As he spoke one of the men reached the foot of the stairway holding a great hound in a leash. For a moment the dog sniffed the stones, then, lifting his head, he bayed aloud, whereat the band shouted, for they knew that they had trapped us. Still for a while they did not advance, but, gathering themselves in a knot, they consulted together earnestly. We looked at each other in despair, for truly our case was desperate. Fly we could not, and we had no arms wherewith to fight, therefore it seemed certain that within some few minutes we must lose our lives at the hands of these murderers, if indeed they chose to kill us outright in mercy.

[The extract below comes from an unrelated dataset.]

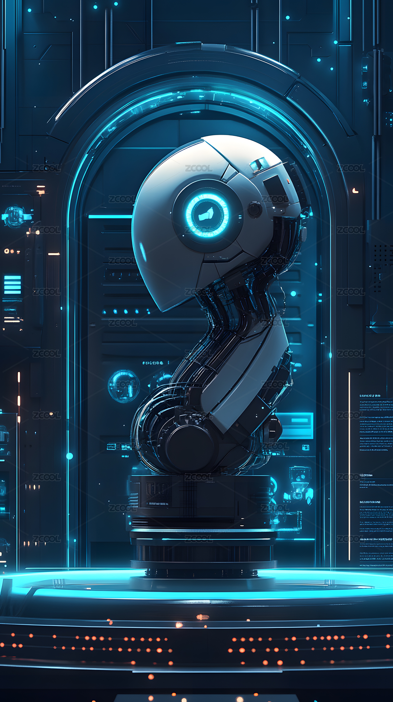 蓝色暗黑光芒高科技AI智能数字人发光手指

The señor hid his face in his hands for awhile, then he looked up and said,
“Can we bargain with them, Ignatio?”
“Impossible,” I answered, “what have we to give that they cannot take?”
“Then there is nothing for it except to die as bravely as we may,” he answered. “This is the end of our search for the Golden City. The quest has not been a lucky one, Ignatio.”
Now the old Indian, Zibalbay, who was crouched upon the ground beside us, spoke for the first time, saying,
“Friends, why do you not fly? Doubtless you can find a path down the further side of the pyramid, and in the forest you may hide from these men.”
“How can we fly,” answered the señor, “when you have no strength to walk a step?”
“I am old and ready to die,” he answered; “leave me here, and be sure that when the time comes I shall know how to slip through the grasp of these villains. My daughter, go you with them. You have the holy symbol, and should you escape and prove this stranger to be the man whom we seek, lead him to our home that things may befall as they are fated.”
“Peace, my father,” said Maya, throwing her arms about his neck, “together we will live or perish. These señors may go if it pleases them, but here I stay with you.”